O ritual de despedida de 2005 e de saudação do novo ano de Coelho durou três dias e três noites. Na sexta, 30, o escritor recebeu com um jantar, em sua casa de três quartos, sala, copa, cozinha, toda feita de madeira, pedra e vidro, os amigos que chegavam de várias partes do mundo para as festas.
 

Foram 20 pessoas, que vieram da Polônia, da Finlândia, da Croácia, da própria França e do Brasil.
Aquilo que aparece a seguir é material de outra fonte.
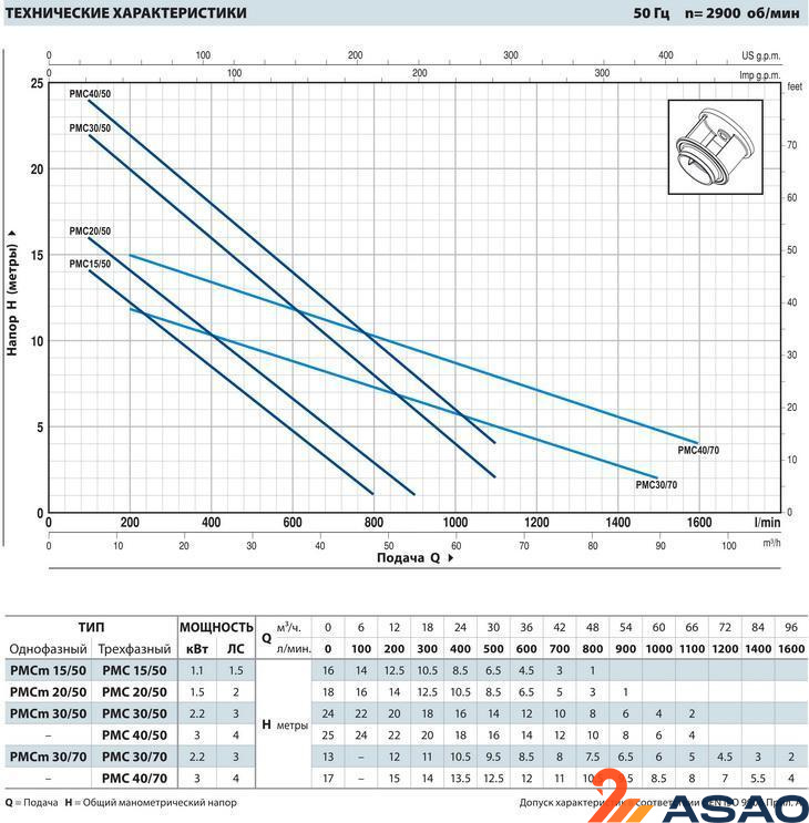 Одноканальные погружные насосы высокого давления серии РМС, разработаны для откачки загрязненных и сточных вод, как в бытовой, так и в промышленной области. Электронасосы РМС оснащены одноканальным рабочим колесом, заключенным в просторную кольцевую камеру, защищенную корпусом насоса и основанием, которое имеет обработанную поверхность для установления зазора рабочего колеса; всасывающий патрубок, установленный в основании насоса, непосредственно соприкасается с накачиваемой жидкостью. Посредством вращения рабочего колеса кинетическая энергия передается жидкости, которая под действием центробежной силы направляется в кольцевую камеру, в которой происходит преобразование части кинетической энергии в энергию давления. Особая геометрическая форма рабочего колеса не только обеспечивает высокие значения гидравлического КПД, но и позволяет перекачивать жидкости, содержащие грязь с твердыми частицами во взвешенном состоянии, без опасности закупорки.
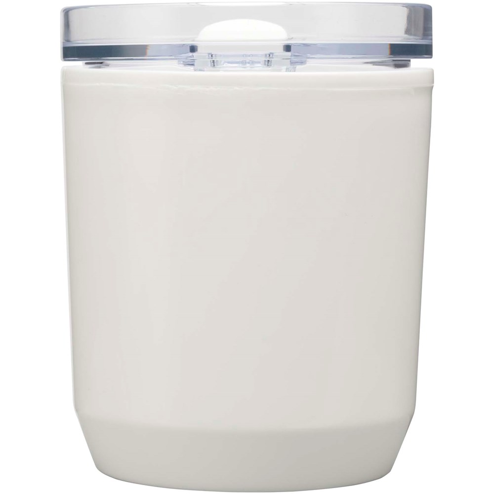 Becher mit einfachem Design, der untern die meisten Kaffeemaschinen und die meisten Getränkehalter im Auto passt. Doppelwandige Konstruktion mit einer Außenseite aus recyceltem PP Kunststoff und einer Innenseite aus PP Kunststoff. Der Schiebedeckel besteht aus AS- und PP Kunststoff. Fassungsvermögen: 180 ml.
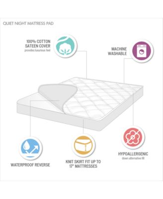 Worry less with the Madison Park Quiet Nights 100% Cotton Sateen Waterproof Down Alternative Mattress Pad. The 100% cotton sateen top creates a soft and luxurious feeling like your natural mattress, while the waterproof reverse provides a protective layer.
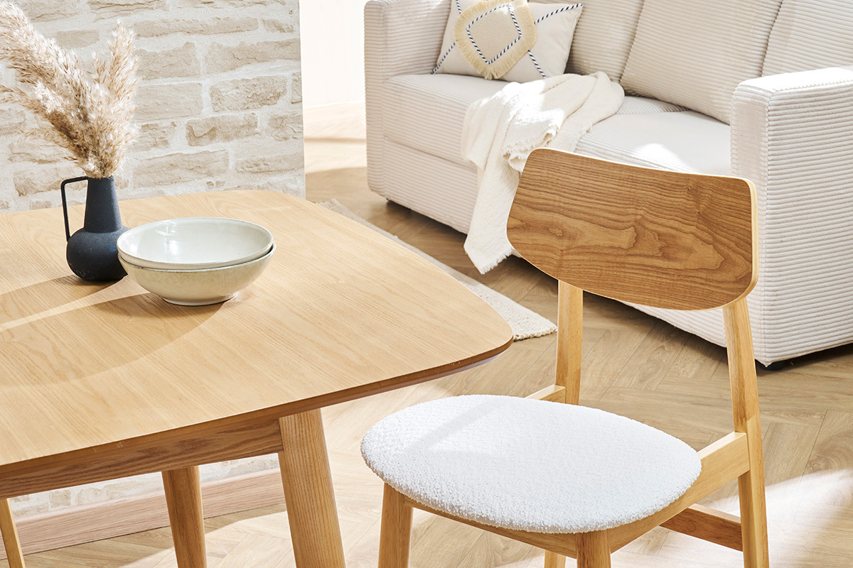 Accompagnées d'une table à manger en bois pour toujours plus d'authenticité, ces chaises en bois et tissu bouclette écru au charme intemporel définissent les contours d'un espace repas hautement inspirant.

Amigos próximos do casal Paulo e Cristina: os editores e os médicos dele, o cabeleireiro dela, vizinhos de ambos -e uma feiticeira, Jaqueline, que vive na floresta dos Pirineus.
 

Na "vitrola", só Roberto Carlos. Ao lado, na mesma sala, o computador onde Paulo escreve. "Falaram no Brasil que o Dirceu viria para a minha mansão. Isso é mansão?", dizia o escritor. O terreno tem 80 mil m2.
 

O último a sair foi o escritor Mario Rosa, com quem Coelho conversou até as 5h. Os dois só se conheciam por e-mail. Coelho é fã do livro de Rosa, "Síndrome de Aquiles", que fala do mito que foi derrotado por um único erro. O mito Paulo Coelho é cuidadoso. "Quero o Mario cada vez mais próximo."
 

No dia 31, o casal levou os amigos ao restaurante Le Petit Gourmand, de Tarbes. Na ceia, ravióli de foie gras, coquilles St. Jacques com trufas e endívias caramelizadas, carne com risoto de aspargos, sobremesas de chocolate. Dirceu sentou-se ao lado do escritor. Lá pelas tantas, no ambiente tomado pela fumaça de cigarros e charutos, Coelho perguntou: "Você tem projeto de voltar ao poder?" E Dirceu: "No governo Lula? Não."
 

Dirceu vai tirar dois anos sabáticos. Diz que tem dinheiro guardado. Foi convidado para ser colunista de um jornal do Rio, "por um bom dinheiro". Pretende ganhar também com o livro que fará sobre o governo Lula. Coelho avalia Lula. "O Hugo Chávez [da Venezuela] se posiciona, o George Bush se posiciona. O Lula ainda está no meio do caminho. O Hugo Chávez tomou o espaço dele. Ele precisa se posicionar", diz. "Tá querendo muito do Lula", brinca Dirceu, baixinho.
 

À meia-noite, todos foram para a gruta de Lourdes. Chovia. Pouco se via, a não ser, ao longe, a própria gruta, e dentro dela, Nossa Senhora. Dirceu quis ficar até o fim da missa. "Deus não existe. Mas vai que existe, né?", brincou.
 

No dia 1º, a ceia foi na casa de um amigo de Coelho, Fréderic Bonomelli, em Hibarete, outra cidadezinha da região, com 138 habitantes. Ele fabrica presunto do porco Le Noir de Bigorre, o porco negro, primo do pata negra espanhol. A noite foi de vinhos, boa comida e cantorias, de músicas francesas da "confraria do porco" a canções brasileiras de Coelho. "Quando caminho pela rua lado a lado com você me deixas louca", cantavam as mulheres. "Eu nasci há dez mil anos atrás...", cantavam os homens.
 

No fim da noite, a pedidos, Paulo Coelho cantou "Gita", dele e de Raul Seixas: "Eu sou o medo do fraco/ A força da imaginação/ O blefe do jogador/ Eu sou, eu fui, eu vou". O escritor pediu um brinde a Raul Seixas. Todos levantaram seus copos. Os rituais de ano novo tinham terminado.